Brett Holmberg and Liang Cui, Multiphysics processes in the interfacial transition zone of fiber-reinforced cementitious composites under induced curing pressure and implications for mine backfill materials: A critical review, Int. J. Miner. Metall. Mater., 30(2023), No. 8, pp. 1474-1489. https://doi.org/10.1007/s12613-023-2640-7
Cite this article as:
Brett Holmberg and Liang Cui, Multiphysics processes in the interfacial transition zone of fiber-reinforced cementitious composites under induced curing pressure and implications for mine backfill materials: A critical review, Int. J. Miner. Metall. Mater., 30(2023), No. 8, pp. 1474-1489. https://doi.org/10.1007/s12613-023-2640-7
Invited Review

Multiphysics processes in the interfacial transition zone of fiber-reinforced cementitious composites under induced curing pressure and implications for mine backfill materials: A critical review

+ Author Affiliations
  • Corresponding author:

    Liang Cui    E-mail: liang.cui@lakeheadu.ca

  • Received: 11 September 2022Revised: 30 March 2023Accepted: 30 March 2023Available online: 1 April 2023
  • The mesoscale fiber–matrix interfacial transition zone (FM-ITZ) under induced curing pressure plays a key role in the effectiveness of fiber reinforcement and the engineering application of fiber-reinforced cementitious composites (FRCCs). This critical review establishes the link among induced curing pressure (i.e., external loading condition), multiphysics processes (i.e., internal governing mechanism), and interface behavior (i.e., material behavior) for FRCC materials through analysis of the state-of-the-art research findings on the FM-ITZ of FRCC materials. The following results are obtained.
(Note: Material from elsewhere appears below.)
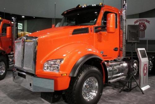 Fleet Owner / March 20, 2013 LOUISVILLE, KY. Kenworth Truck Co. unveiled two new truck models at the 2013 Mid America Trucking Show this week – the T880 vocational truck and a 52-in. mid-roof sleeper configuration for its T680 tractor. Kevin Baney, Kenworth’s chief engineer, said key attributes of the T880 include: a stamped aluminum cab with more interior space; a panoramic windshield for enhanced visibility; triple-sealed doors; a 5-piece hood for easier and faster repairs; air-assisted hydraulic clutch; complex reflector headlamps; and new lightweight, factory-installed lift axles. The T880 is available in a 116.5-inch BBC and a 122.5-inch BBC standard length with two hood configurations: one designed specifically to better accommodate the company’s 12.9-liter Paccar MX-13 engine while the other larger hood covers the Cummins ISX15 engine option, which offers up to 600 hp and 2,050 lb-ft of torque. Baney noted that Paccar updated the MX-13 for the 2013 model year, reducing its weight by 100 lbs. and improving fuel economy by some 3.5% over the previous version. It also offers onboard diagnostics and more engine ratings; up to 500 hp and 1,850 lb.-ft. of torque. The 52-in. mid-roof sleeper configuration now being rolled out for Kenworth’s T680 tractor is designed to accommodate the need of tanker and flatbed fleets. However, the OEM offers an aerodynamic roof cap as well for its mid-roof sleeper for dray van trailer operations; a configuration that offers more upper bunk storage space as well, Baney noted. Kenworth is also assessing aerodynamic cab roof and side fairing modifications for its K270 and K370 medium-duty cabover trucks designed by its brother company Leyland in the U.K. Those fairings, combined with an aerodynamically tapered truck body, helped improve fuel economy by 8% for the vehicle at highway speeds in U.K. road tests, according to the manufacturer. Finally, the OEM showed off a special demonstration vehicle dubbed the T680 “Advantage” to demonstrate the possibilities for fuel economy savings if fleets engage in comprehensive spec’ing efforts integrating the powertrain, tractor, and trailer as a single unit. Fitted out with a battery-powered Bergstrom engine-off air conditioning system, aerodynamic enhancements to reduce drag, wheel hub covers, and other improvements, the T680 “Advantage” is designed to show fleets how Kenworth can help them optimize the entire tractor-trailer to maximize fuel economy for their particular operation, Baney told Fleet Owner. “We’re trying to show fleets how to develop tractor-trailers as a complete package, one that maximizes operational savings for them,” he said.

For the mechanical process, the induced curing pressure changes the stress state and enhances multicracking behavior, which can strengthen the FM-ITZ. For the hydraulic process, the strengthened seepage of the FM-ITZ under induced curing pressure weakens the effective stress and exaggerates the deficiency in water retention capacity between the bulk matrix and the FM-ITZ. For the thermal process, the induced curing pressure causes a steep temperature gradient in the FM-ITZ and thus influences the temperature evolution and thermally-induced microcracks in the FM-ITZ. For the chemical process, the induced curing pressure enhances hydration kinetics and results in the formation of additional hydration products in the FM-ITZ. Moreover, recommendations are proposed on the basis of findings from this review to facilitate the implementation of fiber reinforcement in cemented paste backfill technology.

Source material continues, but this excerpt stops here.